The past decade has seen a rapid increase in the growth of wind energy in the United States. While conversion to renewable energy sources is necessary to reduce worldwide CO2 emission, the intermittency of wind energy creates a new set of challenges to be addressed. Specifically, the power output of a wind farm is not steady but fluctuates as the wind speed fluctuates, with fluctuations spanning time periods ranging from months to minutes.
The electric grid was designed to only handle small amounts of varying power production, so this problem will only become more difficult to handle as more and larger wind farms are built. This intermittency is currently mitigated by filling in the periods of decreased wind with increased energy production primarily from natural gas power plants, which, while cleaner than coal and oil, are still a significant source of CO2 emissions.
A team of researchers at The University of Vermont has been working to address this intermittency problem as part of a larger National Science Foundation funded program aimed at addressing the public policy, behavioral, and technological aspects of the next-generation electric grid. They believe that through the use of more advanced control systems, wind farms will be able to supply a steadier and more controllable power input to the electric grid. In a study recently published in the Journal of Wind Energy, the team examined the effect of multiple time scales on a wind farm controller working to both maximize the energy produced, while simultaneously minimizing the power fluctuations from a wind farm.
Using Model Predictive Control To Maximize Wind Turbines
Traditional wind farm control techniques focus on maximizing individual wind turbine energy output through proportional-integral-derivative (PID) controllers. These systems cannot take into account the energy produced by neighboring wind turbines nor account for how the wind speed might change in the future. Instead of these traditional control techniques, the team chose to employ a technique called model predictive control (MPC) for their study. MPC techniques have the ability to handle multiple objectives and incorporate a time horizon into their solution allowing a single controller to take into account both the instantaneous power produced by multiple wind turbines to account for the change in the wind farm power production based on a prediction of how the future wind speed will change.
The team first discovered that the power fluctuations from a wind farm depend greatly on the ratio of the time it takes for a wind gust to travel from one turbine to a downstream turbine to the dominant frequency of the fluctuating wind gusts. For certain values of this ratio, the power outputs from individual turbines produce constructive interference, leading to farm-level power fluctuations that are greater than any single turbine. For other values, the individual turbine power outputs produce destructive interference, causing the farm level power fluctuations to be significantly smaller than the fluctuations from the individual turbines.

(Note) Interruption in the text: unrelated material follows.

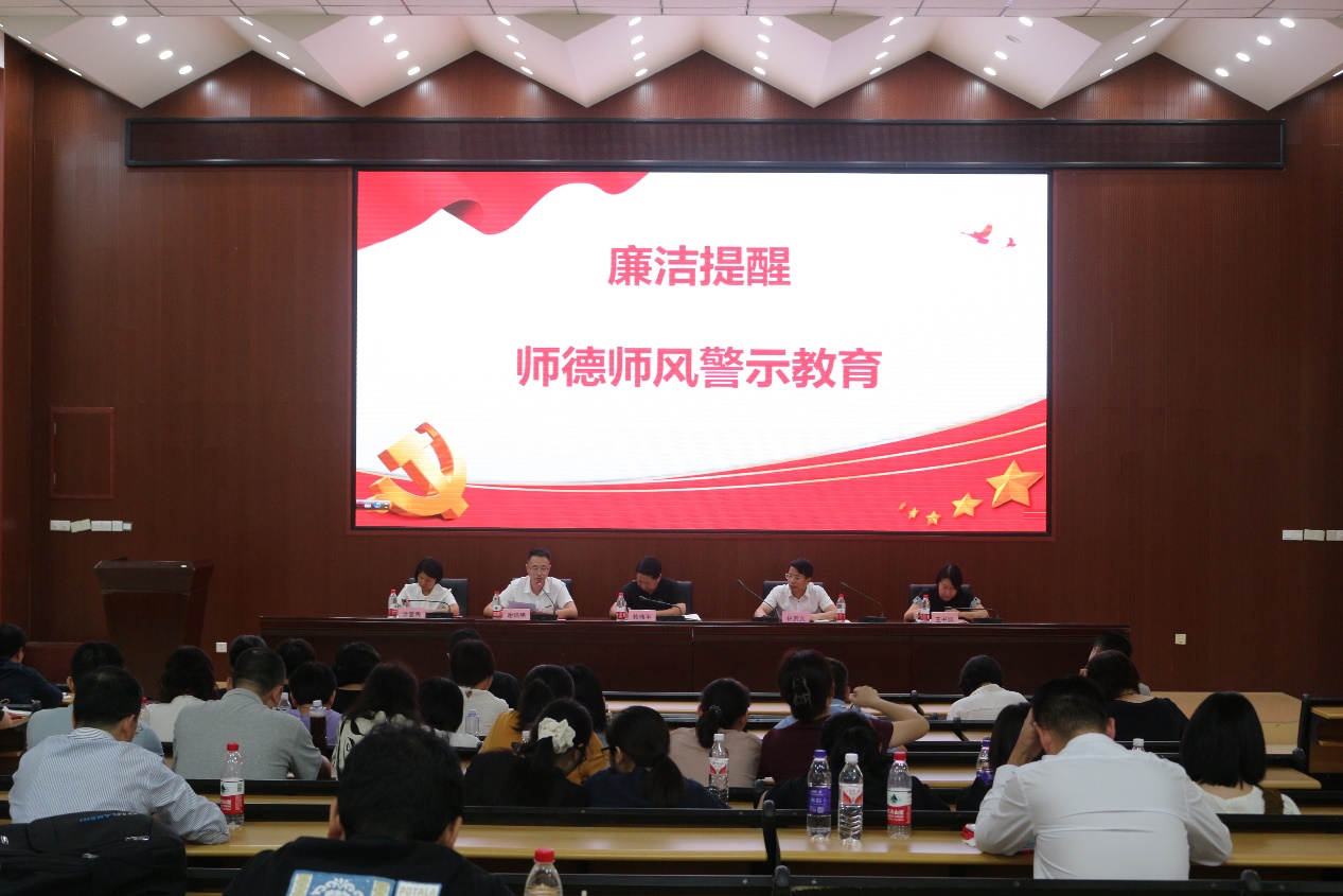 谢锦炜要求全体教职工树立高度的责任感、使命感,将廉洁自律和师德师风融入日常教学,弘扬教育家精神,关心学生成长,助推法学院高质量发展。

The team then discovered that a wind farm controller, working to both simultaneously maximize the electric energy output from the wind farm and minimize the power fluctuations, could significantly reduce the power fluctuations with only minimal reductions to the total farm power output when given a prediction of how the wind speed will change in the future. The method utilized to achieve these power reductions was sensitive to the form of the objective function within the controller. If the objective function was formulated to minimize the time derivative of the power fluctuations, the controller smoothed the power curves of the individual wind turbines. If the objective function was formulated to minimize the variance in farm power relative to the average power output, the controller smoothed the total farm power by utilizing constructive and destructive interference effects between the individual wind turbines.
The results of this study indicate that model predictive control techniques have the potential to make wind farms a more reliable, controllable resource for electricity generation. Understanding the effect of the different time scales involved in a wind farm is critical to designing an effective controller. Improving methods of wind speed forecasting, as well as the mathematical models used for wind farm controllers, will play a significant role in making this technology reliable and practical as an ever greater amount of energy is produced from wind farms.
This study, The effect of timescales on wind farm power variability with nonlinear model predictive control was recently published in the journal Wind Energy.